## Brief
Could you repeat the entries below exactly, but only from the line with "Generous al fresco" through the line with "Made it with", and without any picture?

## Provided records
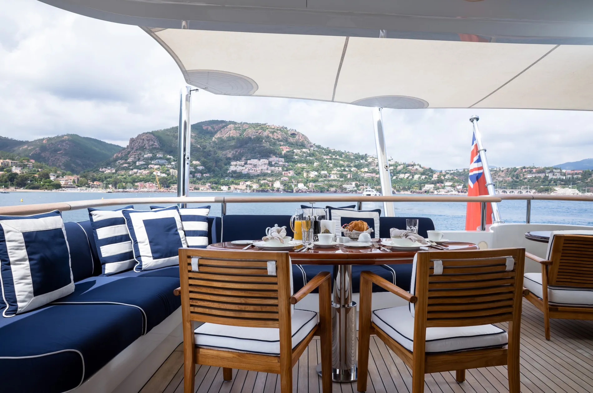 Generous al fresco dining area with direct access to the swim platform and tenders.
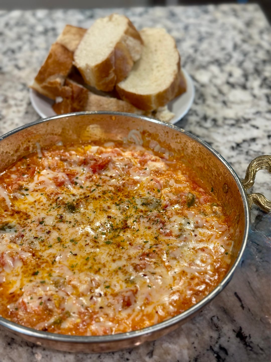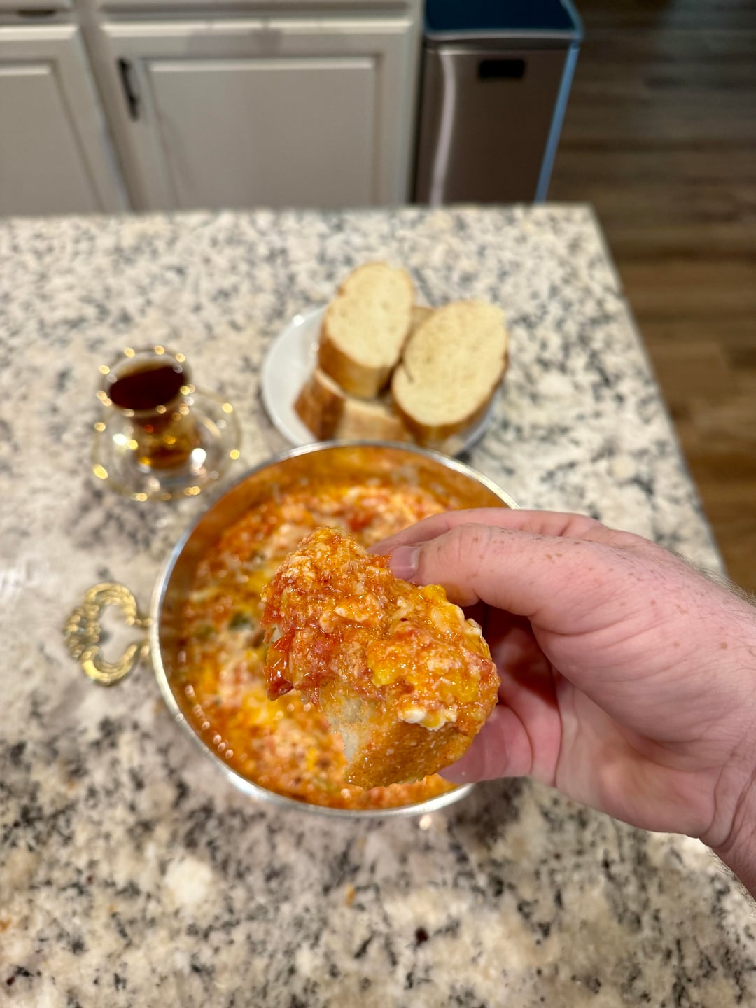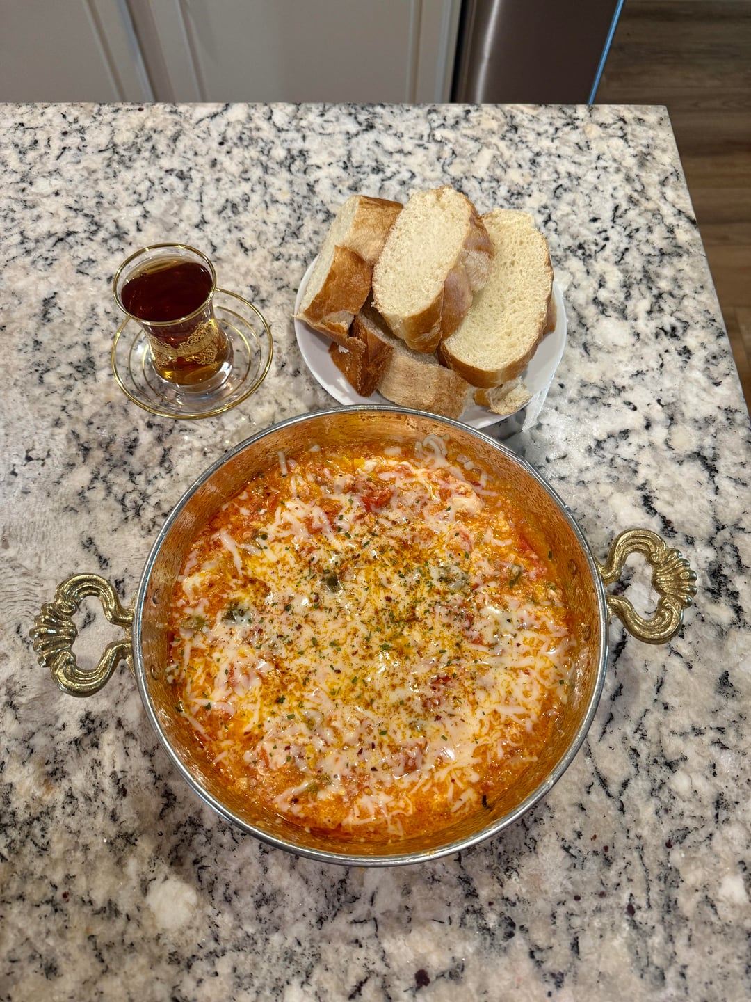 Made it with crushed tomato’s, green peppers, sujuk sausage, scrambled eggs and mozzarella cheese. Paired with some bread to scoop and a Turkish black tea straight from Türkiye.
---
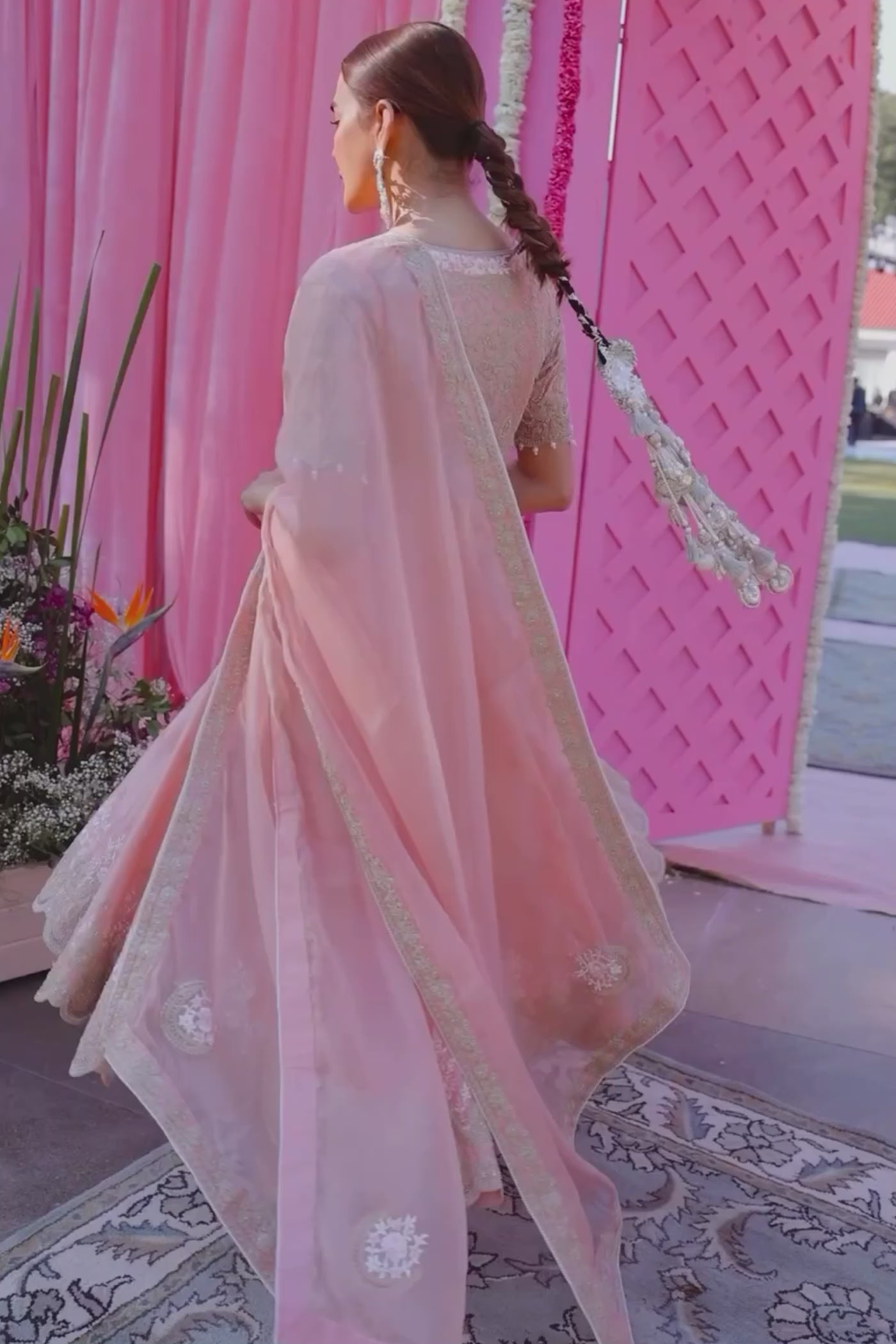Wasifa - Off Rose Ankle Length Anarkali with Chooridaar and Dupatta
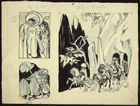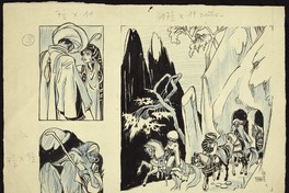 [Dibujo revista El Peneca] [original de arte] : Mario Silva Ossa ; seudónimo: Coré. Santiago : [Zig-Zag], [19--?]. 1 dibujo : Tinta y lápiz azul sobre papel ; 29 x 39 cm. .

## Your response
 Generous al fresco dining area with direct access to the swim platform and tenders.
 Made it with crushed tomato’s, green peppers, sujuk sausage, scrambled eggs and mozzarella cheese. Paired with some bread to scoop and a Turkish black tea straight from Türkiye.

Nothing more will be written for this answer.